The task
Begin your transcription at the line containing "久しぶりに神社に行ったらば焼けた木が残っていてビックリした。" and continue it, word for word, to the final line below. Include only those lines and skip the pictures.

Records shown
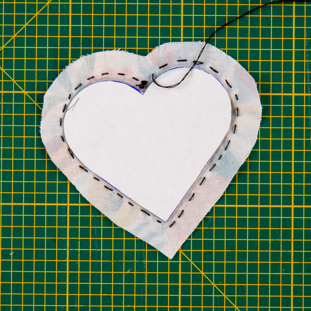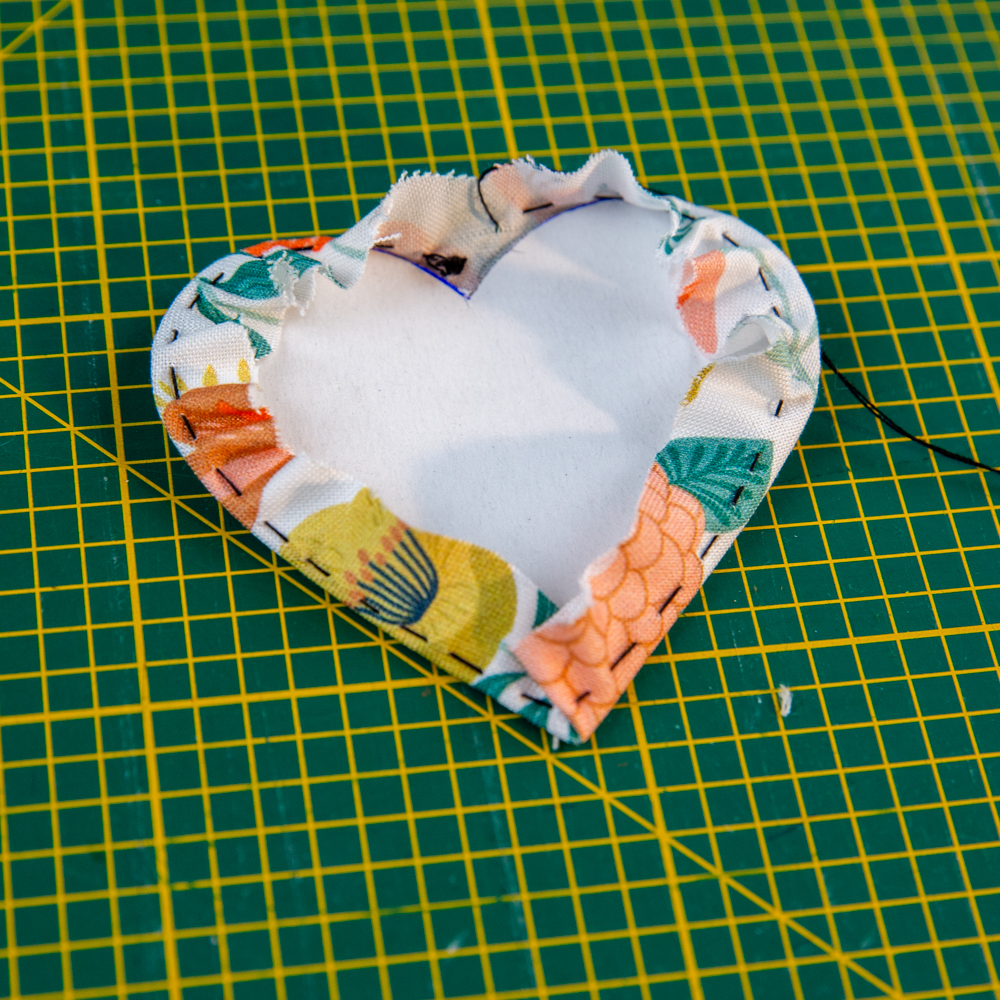 Step 4: Sew Along the Heart Shape – Stitch along the drawn heart line, inserting a slightly smaller cardboard heart inside to maintain shape.
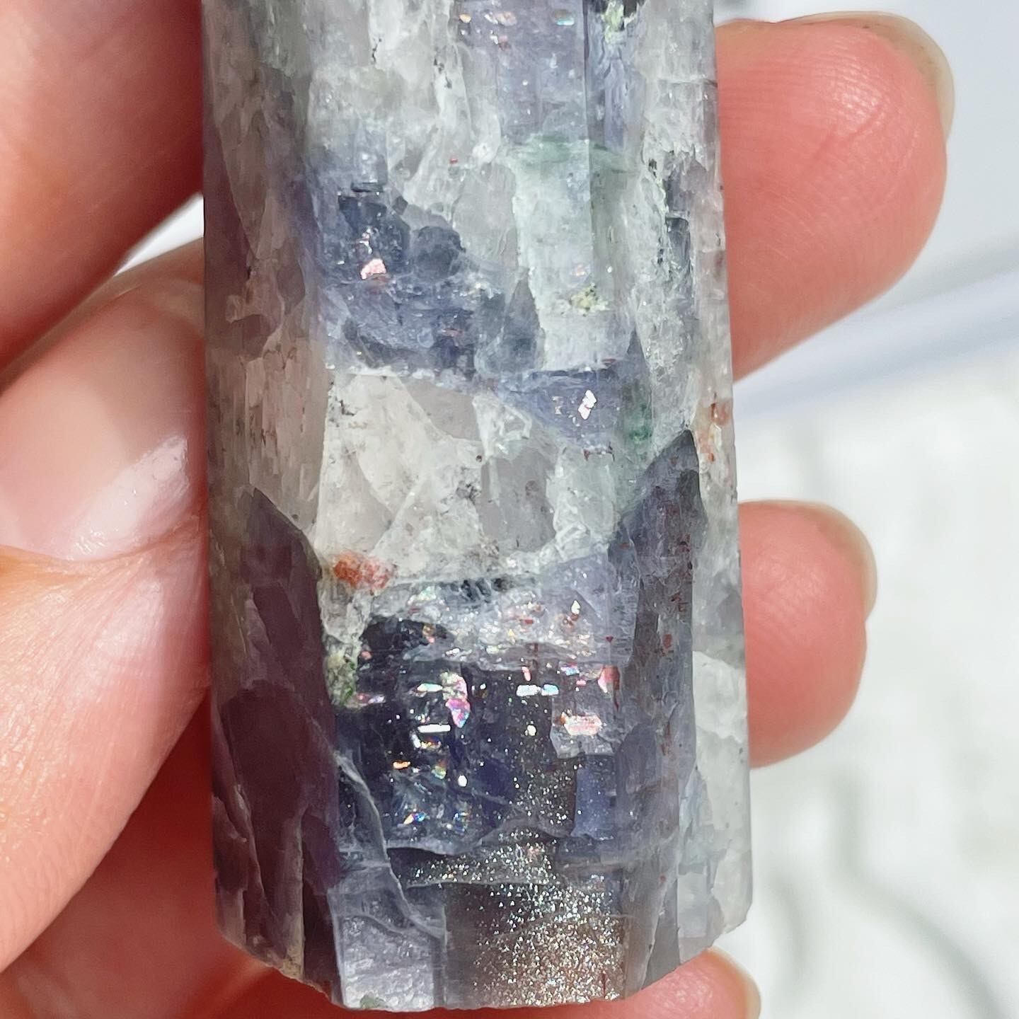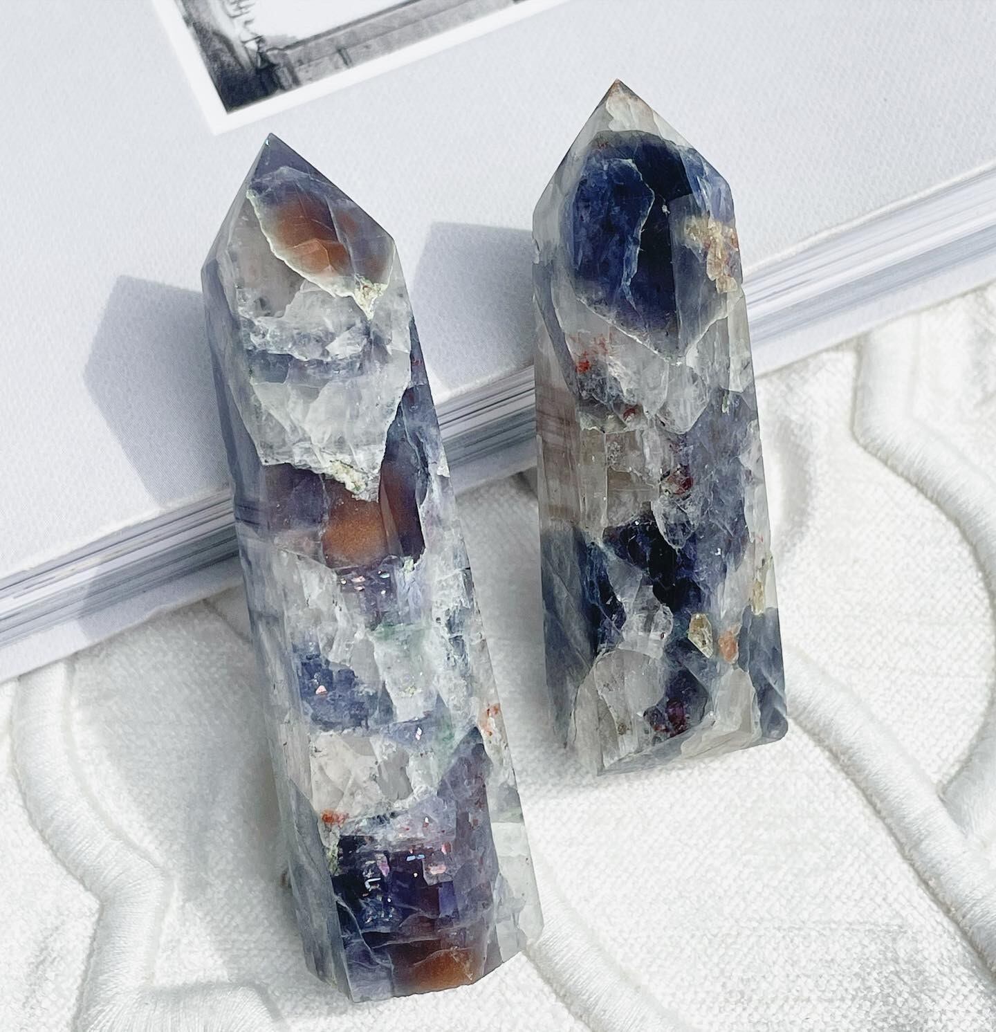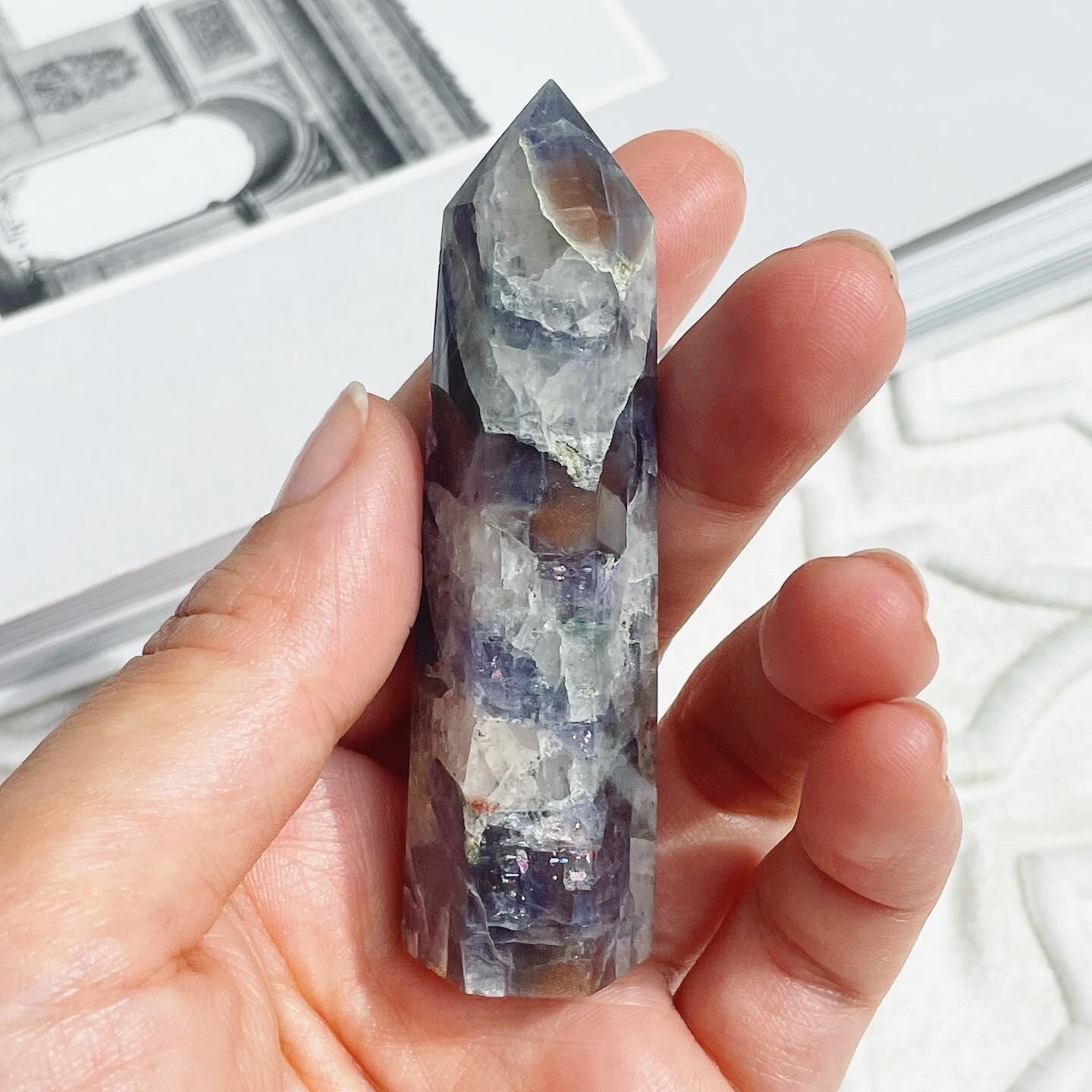 天然のクラックがはいるクォーツに、アイオライトが美しくはめ込まれたような、ステンドグラスやモザイク画を思わせるポイントです。
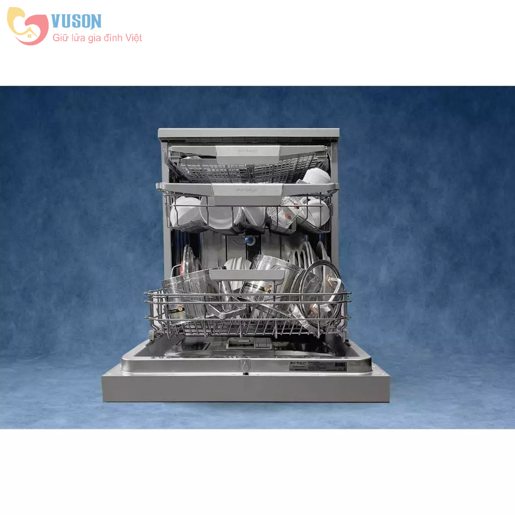 • Máy rửa chén độc lập • Thân inox màu đen cao cấp • 3 dàn rửa tiện lợi • Sức chứa 17 bộ đồ ăn Châu Âu • 8 Chương trình rửa tích hợp
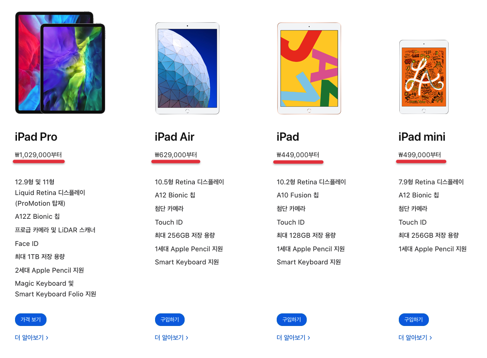 가격은 각각 103만 원대부터 50만 원대까지 다양하게 구비되어 있는데, 왜 애매하다고 했을까? 본질적으로 컴퓨터로써 제 구실을 그나마 할 수 있는 제품이 "아이패드 프로" 밖에 없기 때문이다.
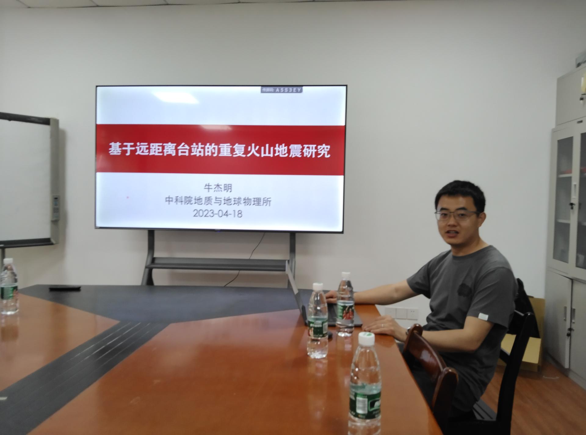 (通讯员 何平)4月18日上午,应beat365唯一官方网站熊熊院长与何平副教授邀请,省部级人才计划入选者、中国科学院地质与地球物理研究所牛杰明副研究员做客beat365官网,并在物探楼216会议室做了“基于远距离台站的重复火山地震研究”的学术报告,全校近20位师生到场聆听讲座。
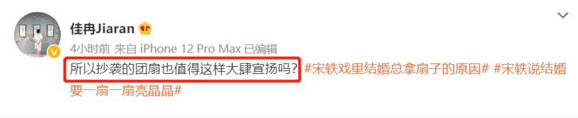 其实从演员所带的话题还有各方截取的动图分析,宋轶手持团扇很显然是剧方强调的重点,这也引发原作者不满,她先后发布三条内容怒斥剧方抄袭行为,起初对于作品被抄袭她直言:“人已麻木。”
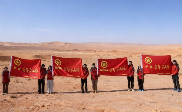 郭大勇在現(xiàn)場為4支青年突擊隊授旗。當青年突擊隊的旗幟飄揚在試驗場,青年們感到使命感在胸膛滾燙。耳畔是整齊響亮的誓言,身邊是并肩而立的伙伴,年輕的面龐充滿堅毅。戈壁的夕陽為獵獵旌旗鍍上金邊,青年的誓言與曠野的風(fēng)聲交織共鳴。旗幟不僅承載著信任與期望,更點燃了青年沖鋒的斗志。
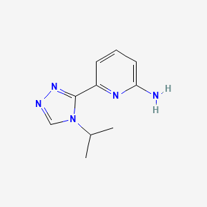 The mechanism by which 6-(4-Isopropyl-4H-1,2,4-triazol-3-yl)pyridin-2-amine exerts its effects depends on its specific application. For example, in antimicrobial applications, the compound may inhibit bacterial cell wall synthesis or disrupt microbial enzymes. The molecular targets and pathways involved are typically identified through biochemical assays and molecular docking studies.
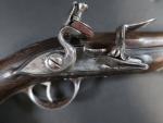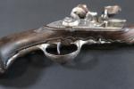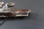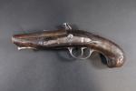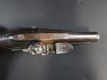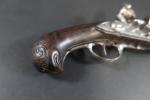 Petit pistolet de poche à silex, canon rond à pans au tonnerre, platines gravées et marquées Paris, crosse en noyer sculpté d'une tête d'oiseau et de rinceaux, chien en col de cygne, ép. fin XVIII's. Long : 18 cm
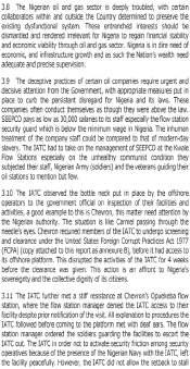 portunity to change Nigeria’s energy sector and ensure efficiency. More than 17 years after Southern Bakassi was handed over to Cameroon, the joint mixed commission has not resolved the maritime boundary demarcation between Nigeria and Cameroon. There are ungoverned spaces on the high seas between both countries, which have now become a playing field for illegal drilling, and oil theft. Pi-rates from as far away as China and Somalia are operating freely in the Gulf of Guinea and Nigerian waters, stealing profits and resources that are meant for the country. These oil thieves probably have Nigerian collabora-tors, collecting rent on our behalf. The Federal Government is looking for revenue, and yet we have oil wells that are being compromised. The subject therefore goes beyond the dispute between two states. Nigeria can benefit more by learning to manage its resources below and above the sea, more efficiently.
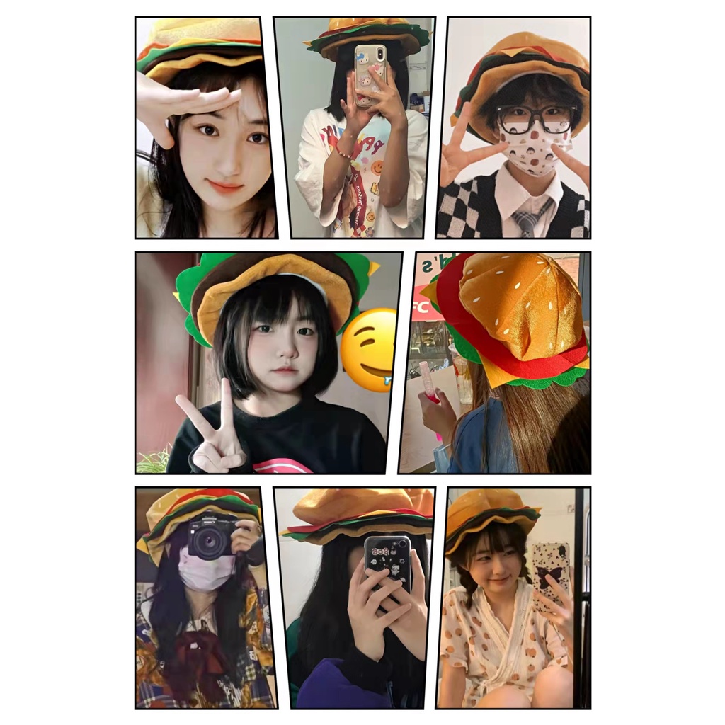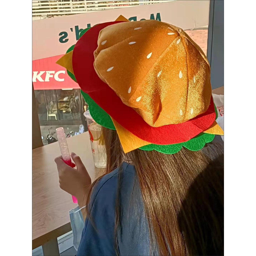 หมวกเบเร่ต์ ลายการ์ตูนแฮมเบอร์เกอร์น่ารัก ขนาดใหญ่ เหมาะกับงานปาร์ตี้ สําหรับผู้หญิง
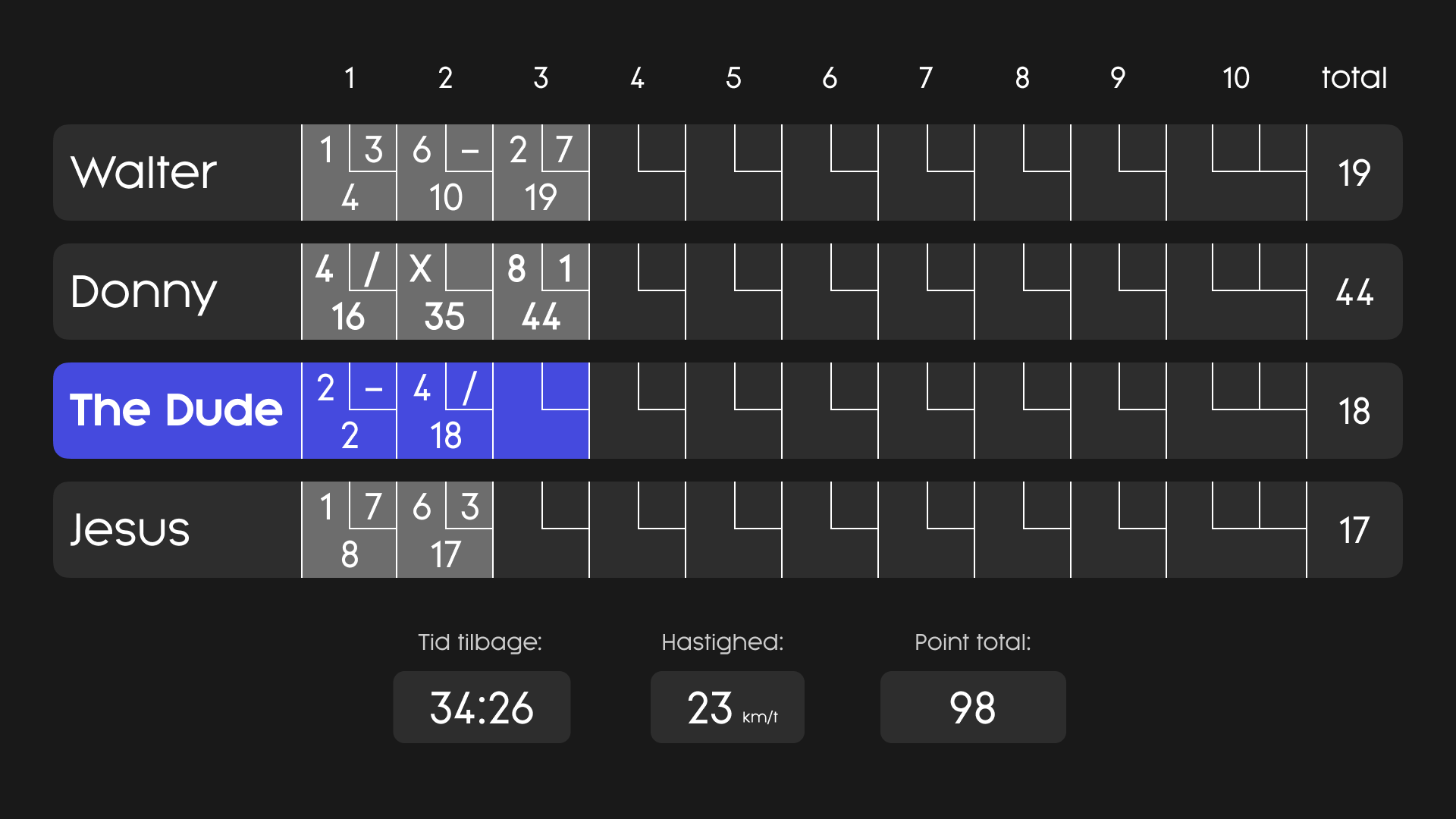 Bowling is often seen as outdated, both in its design and digital interfaces. For my BA project at DMJX, I set out to reimagine the bowling experience for a modern audience, one that values design, convenience, and atmosphere.
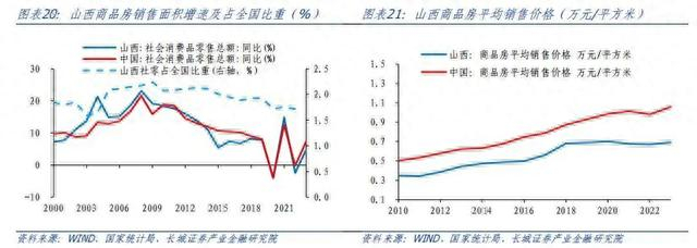 对于商品房销售,山西销售面积增速略快于全国。2013年-2022年,山西省商品房销售面积平均增速为5.4%,远高于全国同期水平(2.8%);占全国的比重也从2013年的1.3%提高到2022年的1.7%。山西省商品房价格一直低于全国水平,上涨速度也偏慢。2022年,全国商品房平均销售价格回落3.2%至9814元/平方米,而山西房价小幅下降0.9%至6713元/平方米,明显低于全国均价。
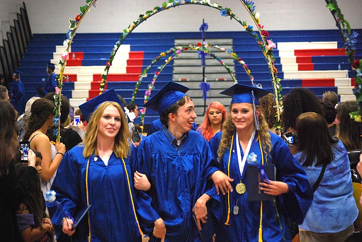 The Yellow Springs High School Class of 2017 walked through the venerable flowered hoops Thursday, May 25, and into a larger world. Above, Danielle Worsham and Olivia Chick flank Alex Oliver on their way from the stage. Several other events marking major moves took place around the same time: Mills Lawn School held its promotion ceremony May 23 and McKinney Middle School eighth-graders celebrated their becoming freshmen. The traditional Mills Lawn sixth-grade clap-out took place on Friday of that week. (Photo by Aaron Zaremsky)
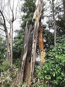久しぶりに神社に行ったらば焼けた木が残っていてビックリした。
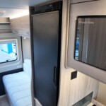 To the nearside alongside the hab door is a fully equipped kitchen with 3-gas hob, sink with hot and cold running water, combination oven/grill and fridge freezer set at eye level. A wardrobe is below the fridge freezer.

Response to this task
久しぶりに神社に行ったらば焼けた木が残っていてビックリした。
 To the nearside alongside the hab door is a fully equipped kitchen with 3-gas hob, sink with hot and cold running water, combination oven/grill and fridge freezer set at eye level. A wardrobe is below the fridge freezer.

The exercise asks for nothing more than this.